◆ What the task requires ◆
The reply must contain exactly the lines below from the one with "SPECIAL DAIRY COW" down to the one with "The Sanrio Hello", both included, and nothing more; please omit the pictures.

◆ Records provided ◆
--------------------
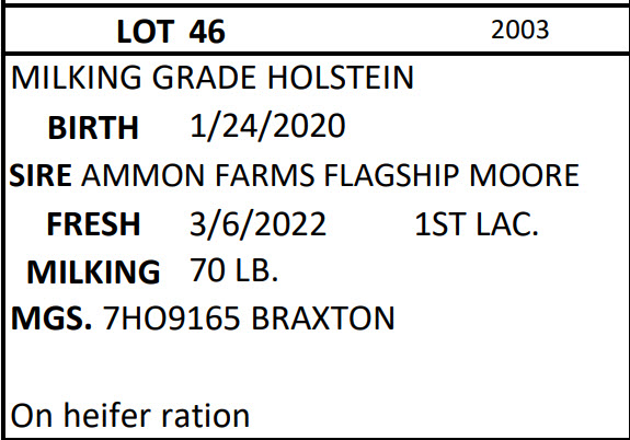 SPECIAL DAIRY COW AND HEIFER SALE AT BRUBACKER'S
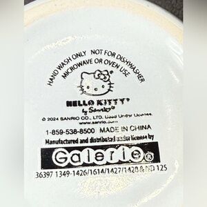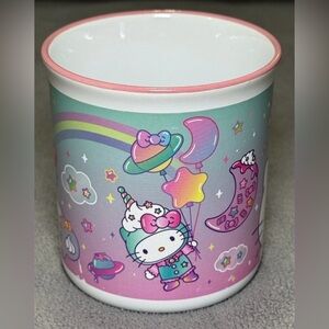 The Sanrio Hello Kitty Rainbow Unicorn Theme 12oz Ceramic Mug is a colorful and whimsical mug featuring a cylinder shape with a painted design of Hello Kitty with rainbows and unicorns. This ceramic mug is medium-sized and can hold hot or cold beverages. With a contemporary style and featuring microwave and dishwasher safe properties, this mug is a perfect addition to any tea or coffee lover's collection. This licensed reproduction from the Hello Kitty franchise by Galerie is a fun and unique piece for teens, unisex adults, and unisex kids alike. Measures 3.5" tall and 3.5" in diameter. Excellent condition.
--------------------
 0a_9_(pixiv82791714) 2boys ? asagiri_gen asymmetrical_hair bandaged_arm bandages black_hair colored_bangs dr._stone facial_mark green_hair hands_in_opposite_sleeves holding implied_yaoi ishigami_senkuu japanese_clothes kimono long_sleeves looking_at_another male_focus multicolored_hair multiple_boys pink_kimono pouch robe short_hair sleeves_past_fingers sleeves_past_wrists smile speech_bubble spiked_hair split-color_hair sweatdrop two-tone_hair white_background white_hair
--------------------
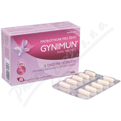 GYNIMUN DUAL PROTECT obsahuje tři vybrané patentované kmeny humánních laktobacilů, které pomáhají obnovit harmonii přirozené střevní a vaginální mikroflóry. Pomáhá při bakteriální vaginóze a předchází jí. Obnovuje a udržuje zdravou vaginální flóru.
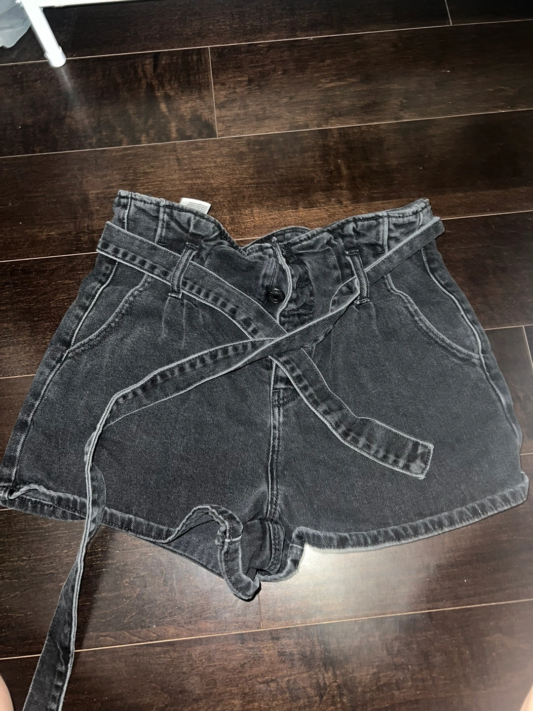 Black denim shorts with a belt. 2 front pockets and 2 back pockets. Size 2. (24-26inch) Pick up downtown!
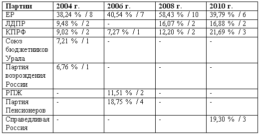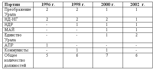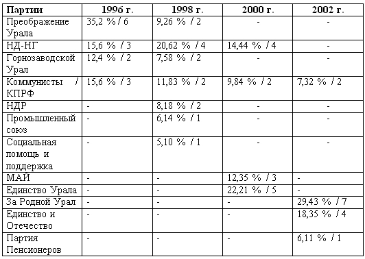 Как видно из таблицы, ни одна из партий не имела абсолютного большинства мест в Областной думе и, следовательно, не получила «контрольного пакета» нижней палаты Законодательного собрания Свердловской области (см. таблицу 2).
--------------------
◆ Solution to this task ◆
 SPECIAL DAIRY COW AND HEIFER SALE AT BRUBACKER'S
 The Sanrio Hello Kitty Rainbow Unicorn Theme 12oz Ceramic Mug is a colorful and whimsical mug featuring a cylinder shape with a painted design of Hello Kitty with rainbows and unicorns. This ceramic mug is medium-sized and can hold hot or cold beverages. With a contemporary style and featuring microwave and dishwasher safe properties, this mug is a perfect addition to any tea or coffee lover's collection. This licensed reproduction from the Hello Kitty franchise by Galerie is a fun and unique piece for teens, unisex adults, and unisex kids alike. Measures 3.5" tall and 3.5" in diameter. Excellent condition.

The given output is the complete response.